Why does Jon Connington dislike Elia so much? She died in such a tragic way, yet he never has a kind word for her, not even in front of her 'son.'
DISCLAIMER: I could have been concise, but as I was writing all this, I came to a lot of realizations, so apologies in advance.
It's a very passive hatred and I think it's because he's uber-closeted at a level that's breathtaking. Wholly, it's a coping mechanism of and against queerness and misogyny the way with him for that. He's a bag of self contradictories and doesn't have much regard for his own life out of a deep sense of failure to perform an ideal he layers on top of his extant political function as one of the Targs' protectors. I often think about that one poem where the speaker's like "I am not in love with you, I am in love with being in love" when I try to think about Jon Con.
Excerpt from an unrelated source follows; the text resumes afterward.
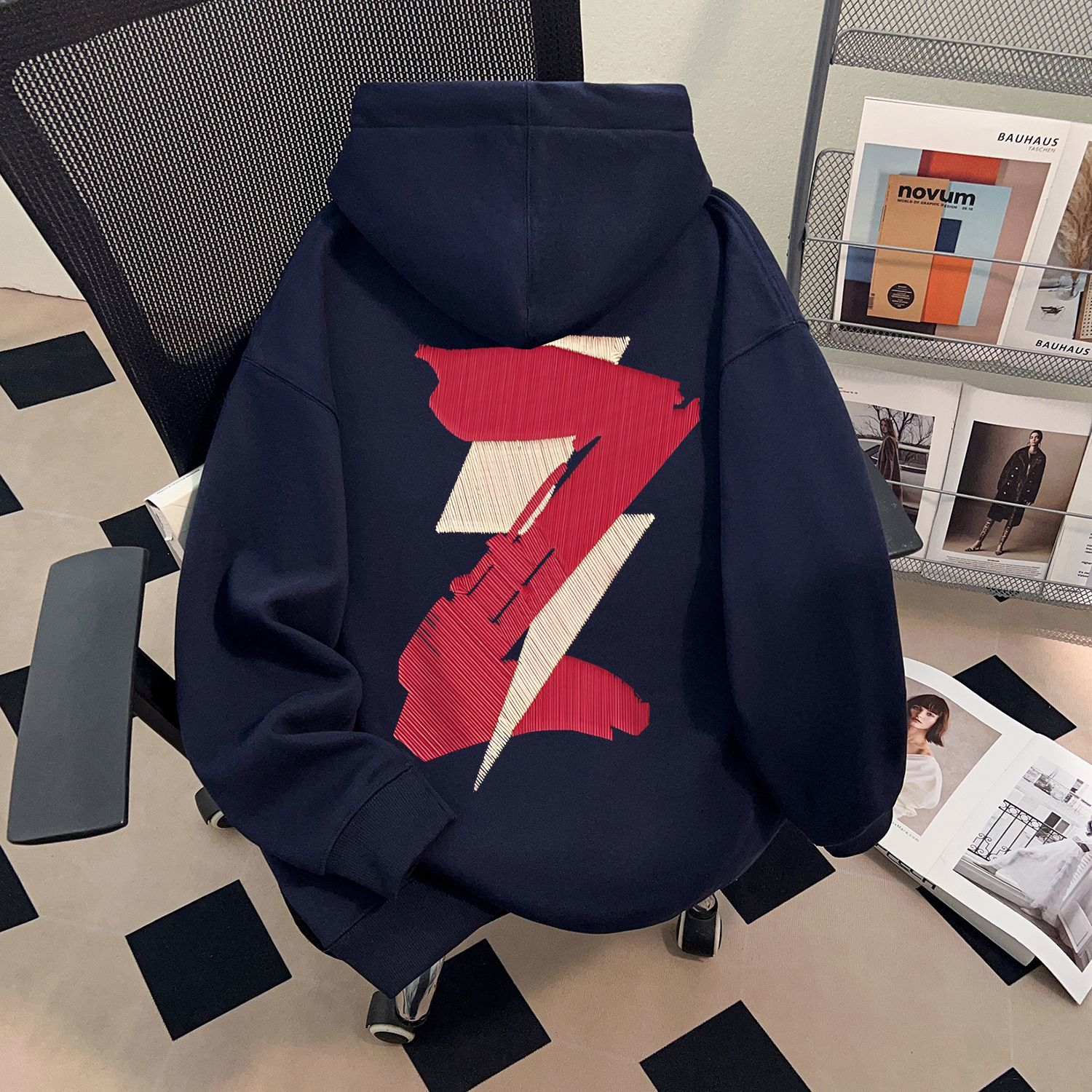 超大码300斤美式复古复古刺绣字母连帽卫衣男女春秋情侣装外套潮2

Like Cersei, he eventually pedestalizes Rhaegar and even more so after his death. He's made him into a paragon of male virtue and human appeal so he could continue to feel his desires are not abnormal. While Cersei does it because it was like she was as close to the sort of power masculinized in that world and denied to woman (which is just as a "visceral" thing, to have agency), Jon Con does it to affirm his own "lacking" masculinity. He is not totally comfortable with his own sexuality nor the yearning since he still has to go out into the world and "be a man". Through Rhaegar he definitely can at least privately express/validate that yearning and feel like a man but also close to "men" without having to really address it consciously or exposing it. By not really confronting the layers of himself "all the way" or as much as he could, he re-relies on that patriarchal definition and field of "manliness". It's close to having one's cake and eating it, too. A compulsion that replaces real connection; but it he kinda transformed himself into an all feeling automaton in the process in order to fulfill the compulsion to "sacrifice" his life to something like a higher purpose. And Elia was not a person-person but a means to further Rhaegar.
A)
This is a society where:
there is an emphasis on obedience, maintaining the social hierarchy, and obligation to one's "lord" or the gods, and yes the Faith of the Seven (the fictional Catholicism) informs the model of masculinity in Westeros, esp through the Andal chivalry and courtliness; the express/prove/practice the "greatest" form of love to either a lover or the gods or one's lord is to completely sublimate oneself to the gods'/lord's rule and wellbeing...which kinda came on conflict with the whole warrior-takes-all thing until the emphasis on fighting for a specific lord but it's self contradictory in its rigidity
men who may love to read without also swinging swords/being good at that and aren't maesters/are not studying to be one are close to "unmanning" themselves. Let's sit with that. Maleness is proving to other men you have "strength" and having control over as many bodies as one can...doesn't really lend into exploring oneself or seeing things to appreciate in others or nature, and aristocratic maleness (the primary-only ones allowed to use warfare to acquire resources) is the ideal/only "human" that exists or matters. A man's very health is treated one and the same as his "manliness", sometimes literally (some research reveals that having a mistress showed a ruler's very virality and prostitutes were "necessary" for men to relieve their pressing "urges" without becoming violent and disrupting the "order"--[at least]15th to 19th centuries). This sort of context breeds very emotionally stunted men who can really/mostly only objectify people and compartmentalize others and their own emotions. It breeds a certain inflexibility in men that close down their means of really being aware of their own actions' consequences or caring beyond THE GOAL. You also must dehumanize women.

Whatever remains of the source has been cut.